Vaccine Hesitancy in Patients With Multiple Sclerosis: Preparing for the SARS-CoV-2 Vaccination Challenge
Lara Diem 1, Christoph Friedli 2, Andrew Chan 2, Anke Salmen 2, Robert Hoepner 2
- PMID: 33811158
- PMCID: PMC8018793
- DOI: 10.1212/NXI.0000000000000991
Objective: Vaccine hesitancy is a complex public health issue referring to concerns about safety, efficacy, or need for vaccination. Using pneumococcal vaccination, which is recommend in anti-CD20-treated multiple sclerosis (MS) patients, as a model, we assessed vaccination behavior in patients with MS to prepare for the upcoming SARS-CoV-2 vaccination challenge.
Methods: By a medical chart review, we retrospectively identified patients with MS treated with ocrelizumab at the University Hospital Bern in 2018-2020. Pneumococcal vaccination was discussed with the patients during clinical visits and highlighted in the after-visit summary addressed to the general practitioner before ocrelizumab initiation as part of our clinical standard of care.

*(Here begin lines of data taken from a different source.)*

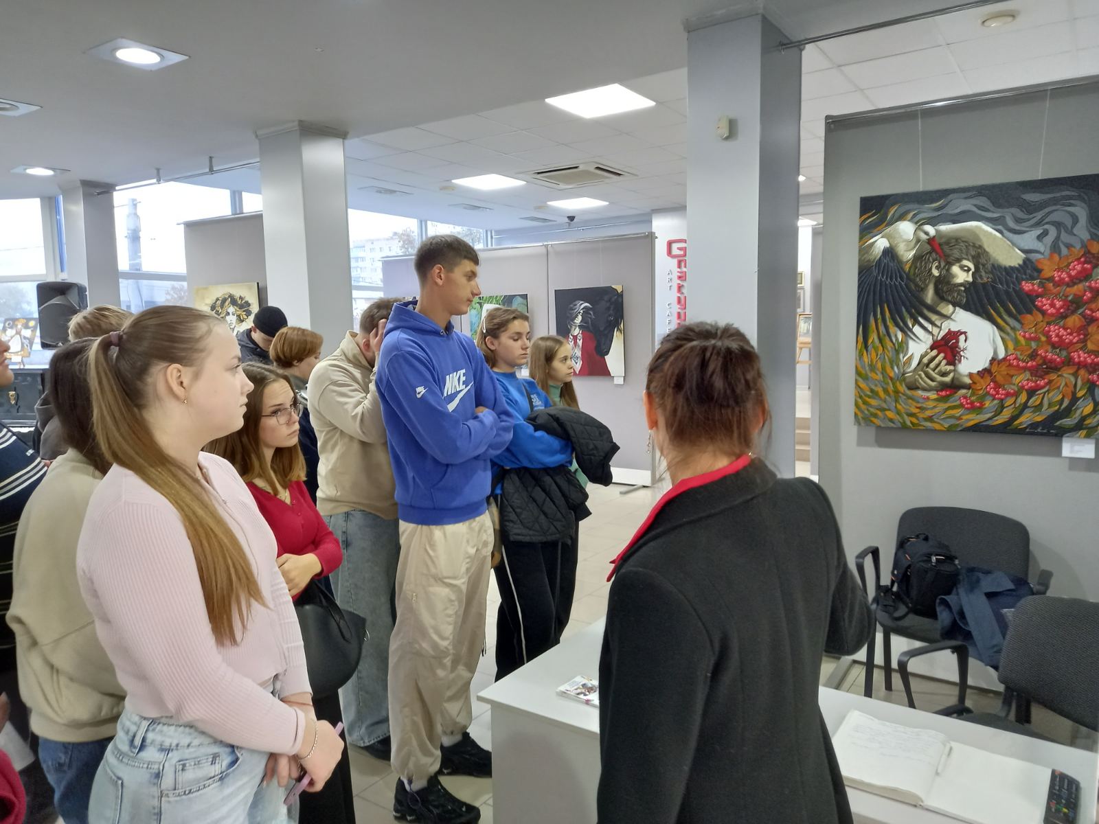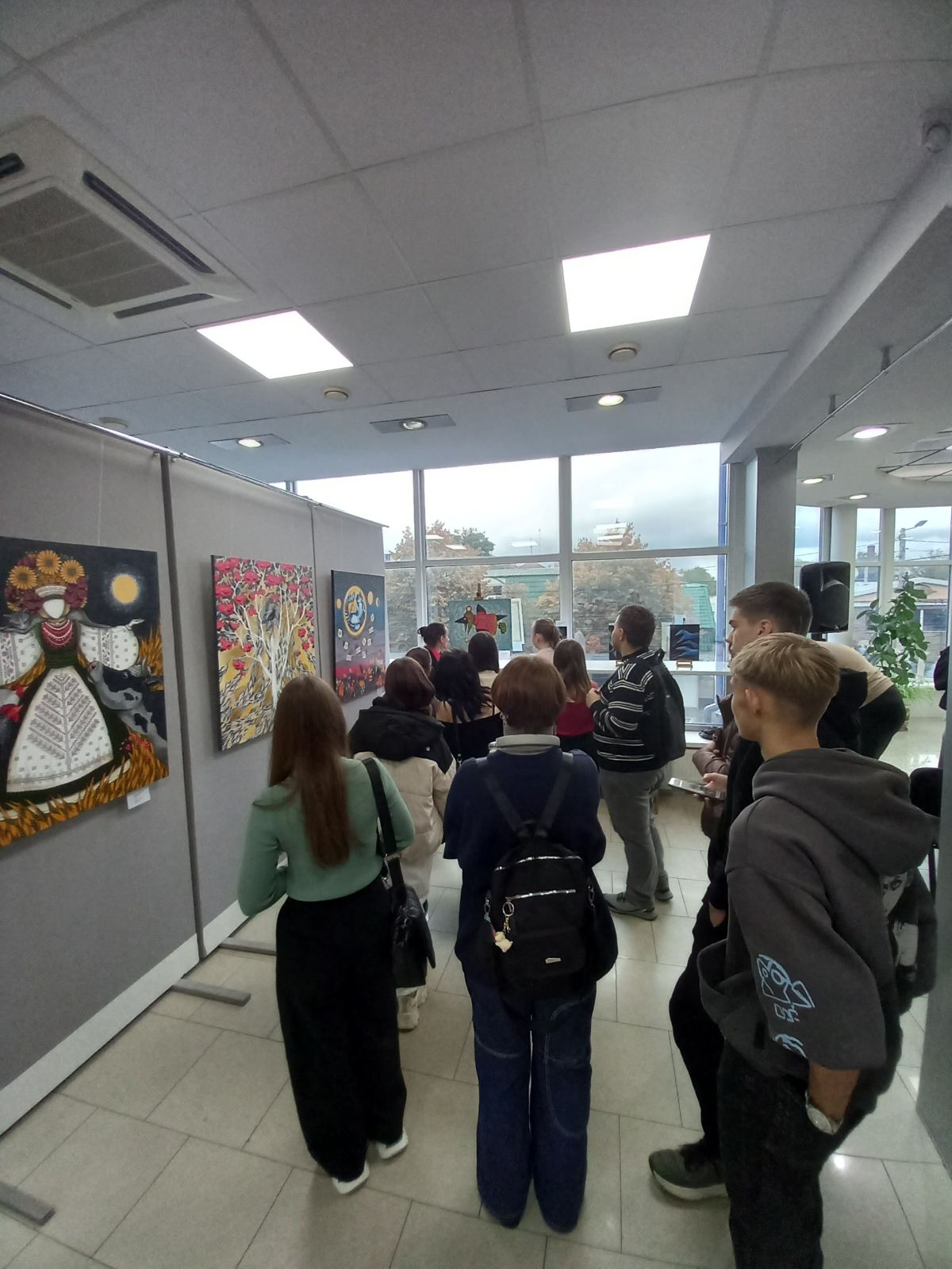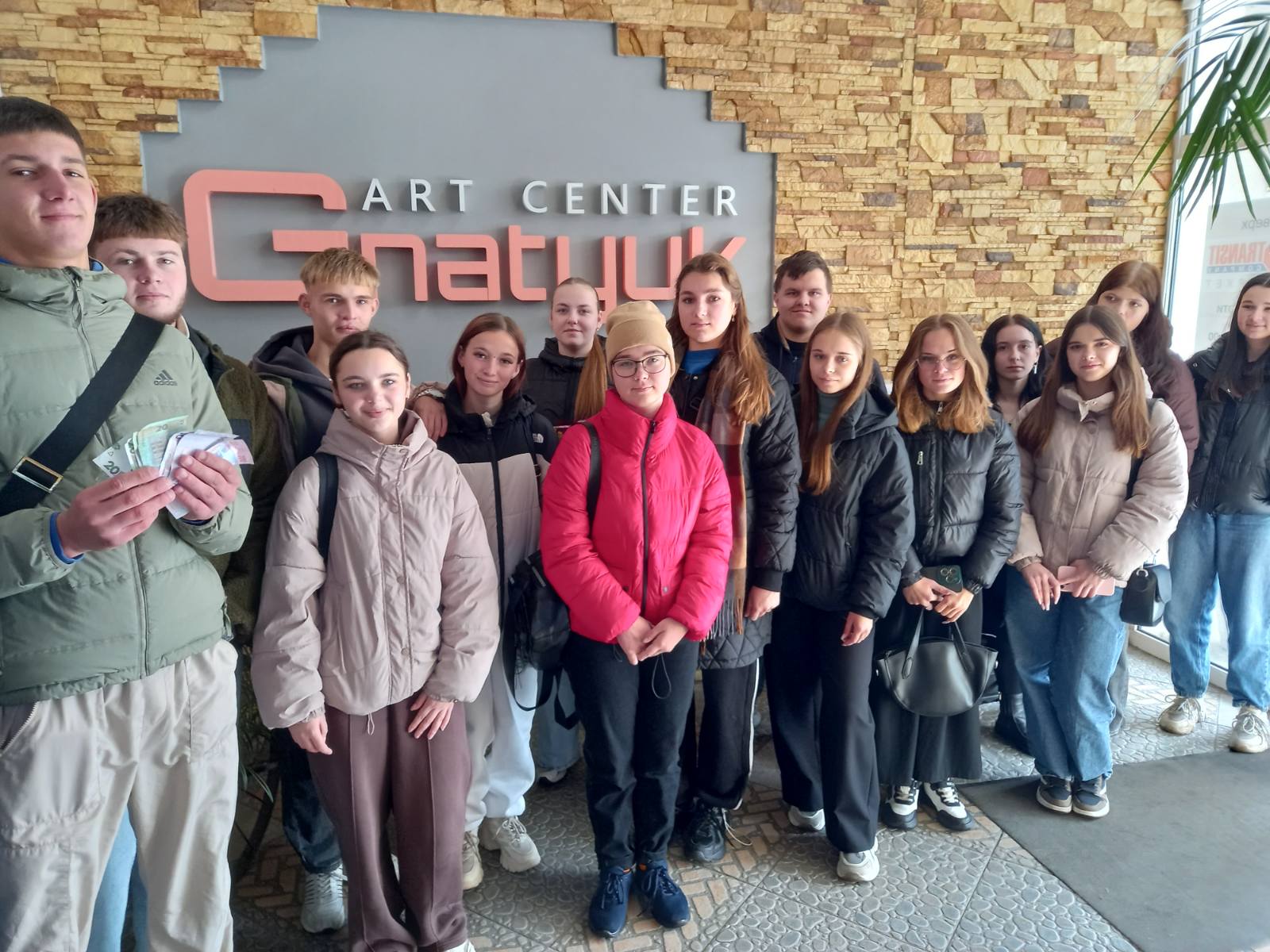 14 жовтня 2025 року студенти ОПП "Товарознавство у митній справі" та ОПП "Товарознавство і комерційна логістика" з ініціативи викладача мистецтва к.і.н. Панченко Вікторії Сергіївни у рамках вивчення курсу Історія світової та української культури відвідали Житомирську галерею «Гнатюк Арт Центр», де відбулася творча зустріч із талановитою художницею Наталією Мощенко. Подія стала справжньою подією у культурному житті студентської молоді. Пані Наталія презентувала свою нову виставку під назвою «М06», що вразила глядачів глибиною змісту та яскравими образами. Роботи мисткині поєднують експресію сучасного мистецтва з філософським осмисленням реальності. Під час зустрічі художниця розповіла про свій творчий шлях і процес створення виставки. Вона поділилася ідеями, які лягли в основу її нових полотен. Студенти із зацікавленням слухали розповідь і ставили численні запитання. Особливу увагу привернула тема пошуку власного стилю та самовираження в мистецтві. Авторка наголосила на важливості щирості й внутрішнього діалогу у творчості. Учасники заходу мали змогу особисто поспілкуватися з художницею після офіційної частини. Зустріч пройшла в теплій і натхненній атмосфері. Галерея «Гнатюк Арт Центр» створила чудові умови для спілкування та споглядання мистецтва. Виставка «М06» викликала жваві емоції та глибокі роздуми. Багато студентів зазначили, що цей захід став для них джерелом натхнення. Вони відкрили для себе нові грані сучасного українського мистецтва. Твори Наталії Мощенко спонукали замислитися над темами краси, гармонії та людських переживань. Така зустріч довела, що мистецтво здатне поєднувати покоління та надихати на творчі пошуки. Студенти подякували художниці за щирість, відвертість і можливість доторкнутися до світу її емоцій. Захід став ще одним підтвердженням важливості діалогу між митцем і молоддю. Зустріч із Наталією Мощенко залишила яскравий слід у серцях усіх присутніх.
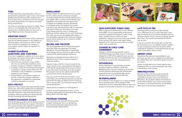 Adventures Plus assumes responsibility for your child each day that care is scheduled . Site staff must be notified when your child will be absent or late for any reason .
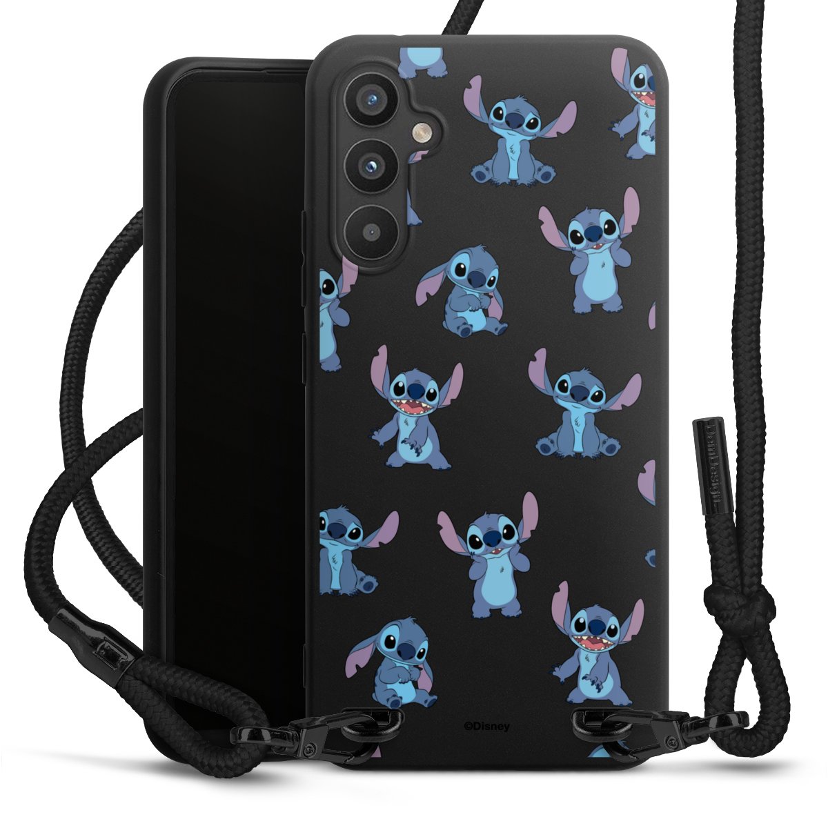 Pure Black: Handyhülle, Stoffband und Metalldetails in stylischem Mattschwarz.
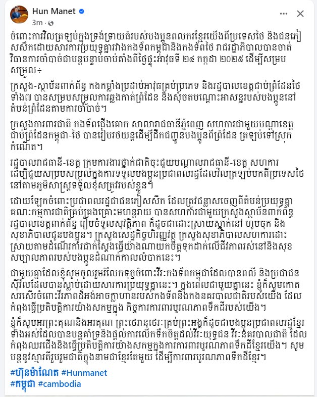 សម្តេចធិបតី ហ៊ុន ម៉ាណែត នាយករដ្ឋមន្រ្តីនៃកម្ពុជា តាមរយៈបណ្តាញសង្គម នៅថ្ងៃទី២៧ ខែកក្កដា ឆ្នាំ២០២៥ បានបង្ហោះខ្លឹមសារដូចតទៅ៖
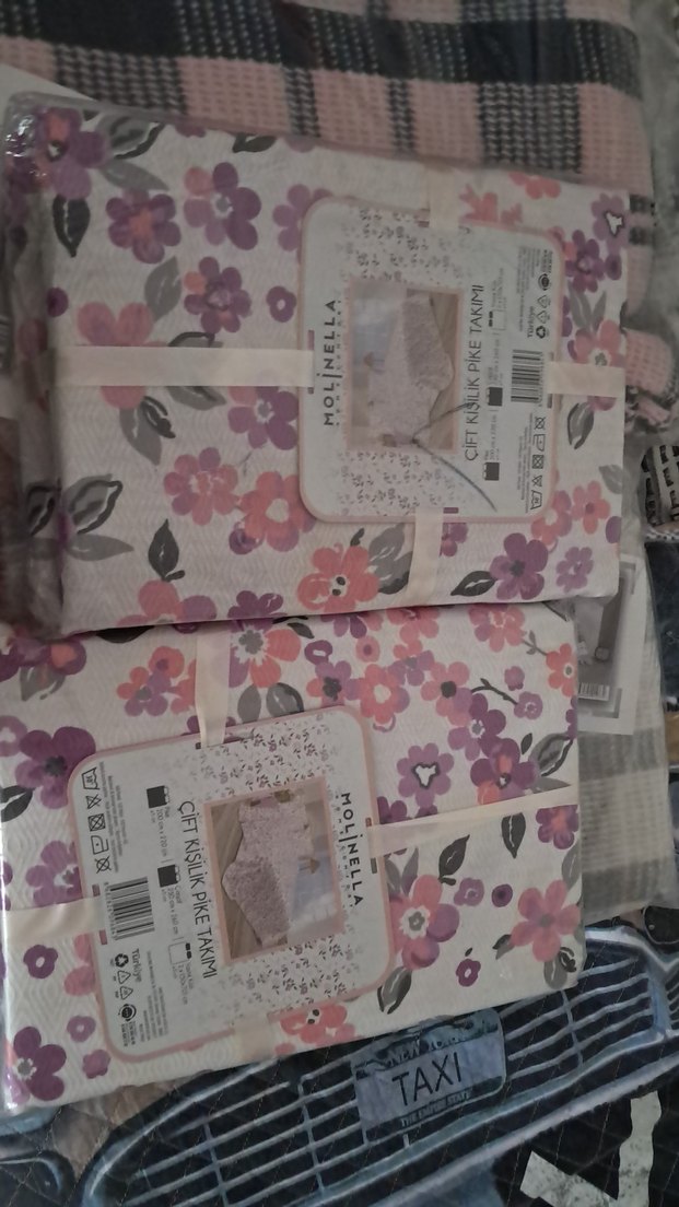 Molinella marka, pastel pembe çiçek desenli pike ve çarşaf takımı, yumuşak ve konforlu bir dokunuş sunar.
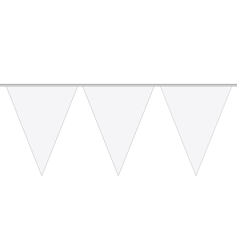 Med en flaggirlang kan du enkelt förvandla vilket rum som helst till en härlig fest! Just denna vimpelgirlang är inget undantag, häng bara upp den i taket eller mot en vägg och se hur hela rummet blir ett stämningsfullt party. Fantastisk vit girlang som är en utmärkt dekoration till exempelvis dop, bröllop, studenten och andra vita firanden.
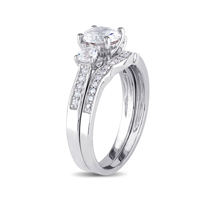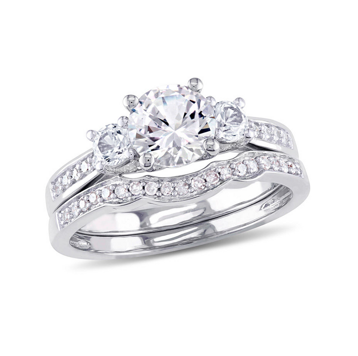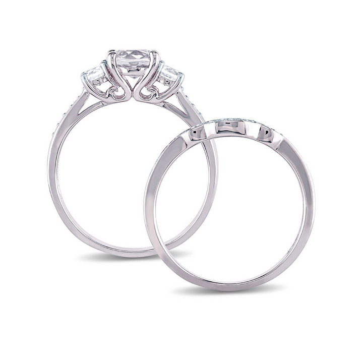10K White Gold 2.125 CT.T.W. Round Lab-Created White Sapphire Custom Three Stone Bridal Set
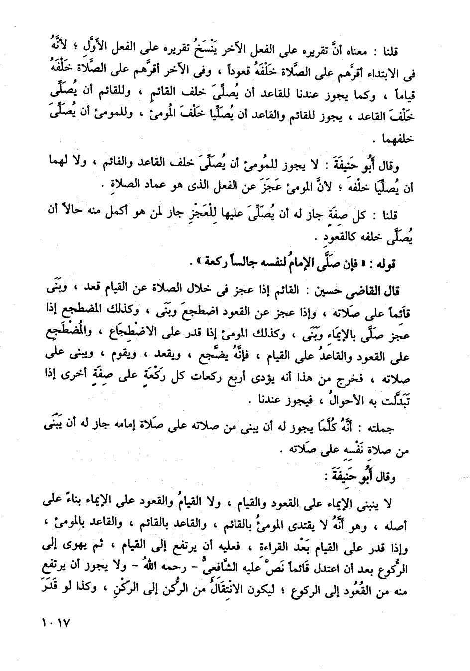 قلنا: معناه أن تقريره على الفعل الآخر ينسخ تقريره على الفعل الأول، لأنه في الابتداء أقرهم على الصلاة خلفه قعودًا، وفي الآخر أقرهم على الصلاة خلفه قيامًا، وكما يجوز عندنا للقاعد أن يصلي خلف القائم، وللقائم أن يصلي خلف القاعد، يجوز للقائم والقاعد أن يصلي خلف المومئ، وللمومئ أن يصلي خلفهما.

Results: Pneumococcal vaccination was performed in 71/121 (58.7%) of patients, and 50/121 (41.3%) patients were not vaccinated. Patients who did not get a pneumococcal vaccination were younger (no vaccination vs vaccination; mean [95% CI] 40.1 [36.1-44.1] vs 45.4 [41.9-48.8], p = 0.028) and had more frequently a relapsing remitting disease course (no vaccination vs vaccination, n [%]; 43/50 [86.0%] vs 49/71 [69.0%], p = 0.031). Furthermore, patients who did not get vaccination had more frequently a history of comorbid psychiatric disorder (no vaccination vs vaccination, n (%); 12/50 [24.0] vs 7/71 [9.8], p = 0.035).
Conclusion: Our study demonstrated that in our single-center cohort, 41.3% of patients with MS do not get the recommended pneumococcal vaccination. Future research should focus on vaccine hesitancy in the vulnerable cohort of patients with MS to improve the safety of MS immunotherapies.